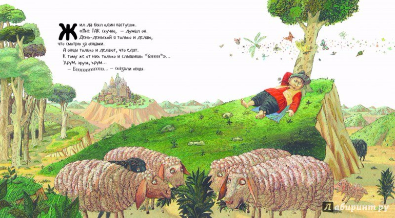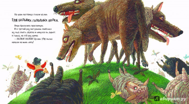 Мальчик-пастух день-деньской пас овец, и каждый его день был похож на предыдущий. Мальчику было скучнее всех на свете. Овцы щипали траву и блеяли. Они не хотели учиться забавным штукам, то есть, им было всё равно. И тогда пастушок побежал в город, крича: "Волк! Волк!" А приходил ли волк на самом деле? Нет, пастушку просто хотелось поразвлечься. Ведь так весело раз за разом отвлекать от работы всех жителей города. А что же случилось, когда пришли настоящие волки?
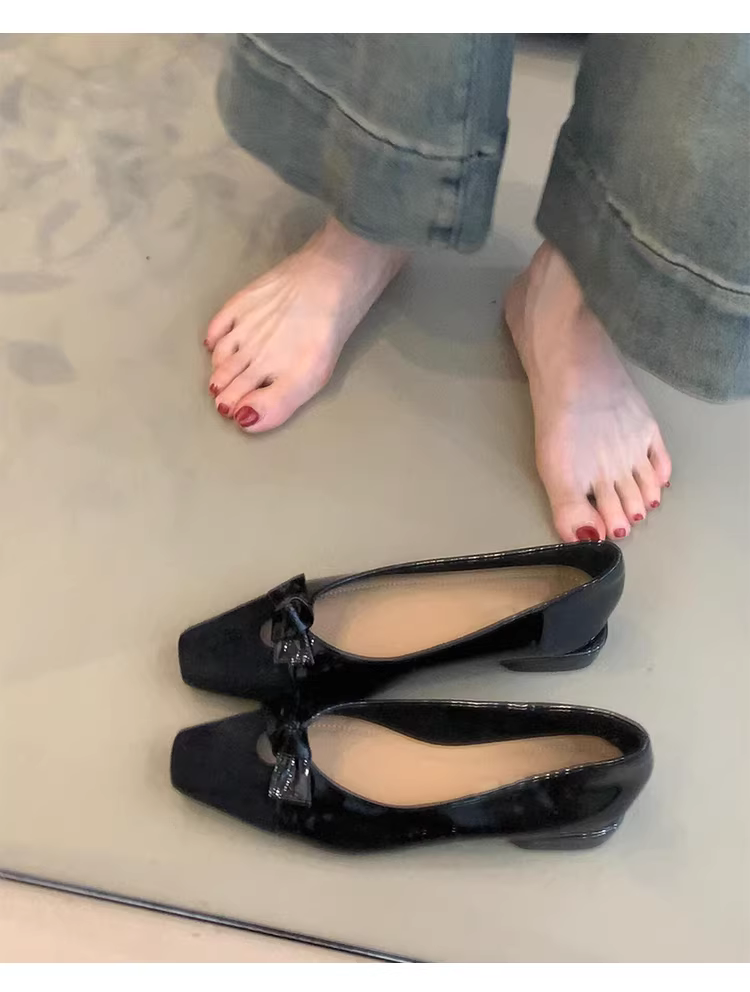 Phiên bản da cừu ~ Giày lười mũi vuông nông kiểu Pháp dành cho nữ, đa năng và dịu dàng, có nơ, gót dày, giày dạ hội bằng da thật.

* * *

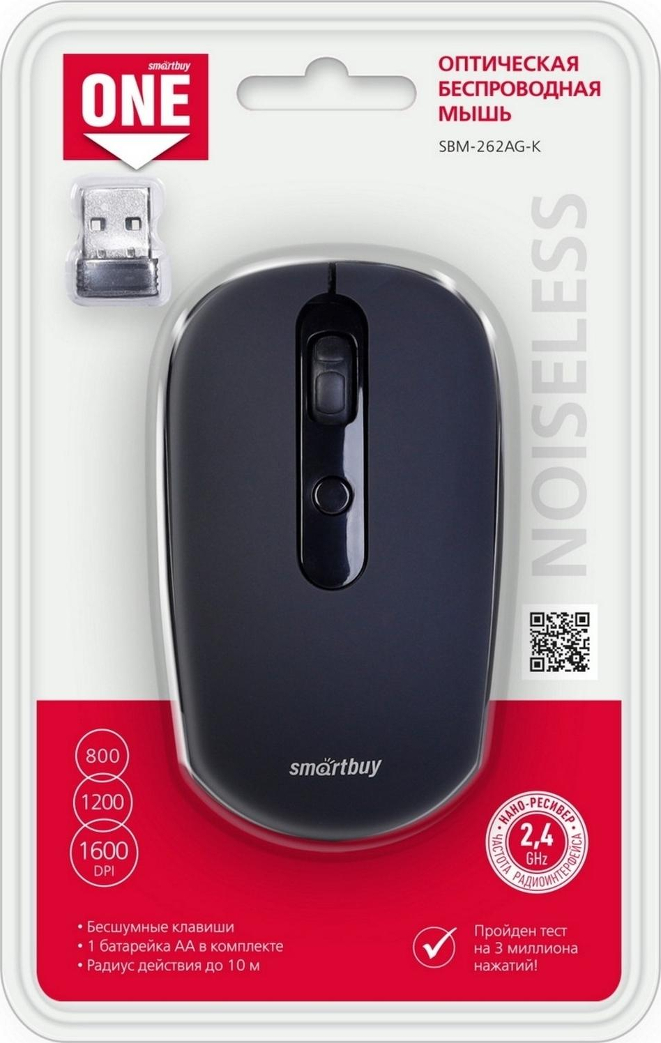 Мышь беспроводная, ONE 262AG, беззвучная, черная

▶ Goal of the exercise
Given the entries above, transcribe exactly the lines from the one holding "Мальчик-пастух день-деньской пас" through the one holding "Phiên bản da"; pictures do not belong in the transcription.

▶ Result for this exercise
 Мальчик-пастух день-деньской пас овец, и каждый его день был похож на предыдущий. Мальчику было скучнее всех на свете. Овцы щипали траву и блеяли. Они не хотели учиться забавным штукам, то есть, им было всё равно. И тогда пастушок побежал в город, крича: "Волк! Волк!" А приходил ли волк на самом деле? Нет, пастушку просто хотелось поразвлечься. Ведь так весело раз за разом отвлекать от работы всех жителей города. А что же случилось, когда пришли настоящие волки?
 Phiên bản da cừu ~ Giày lười mũi vuông nông kiểu Pháp dành cho nữ, đa năng và dịu dàng, có nơ, gót dày, giày dạ hội bằng da thật.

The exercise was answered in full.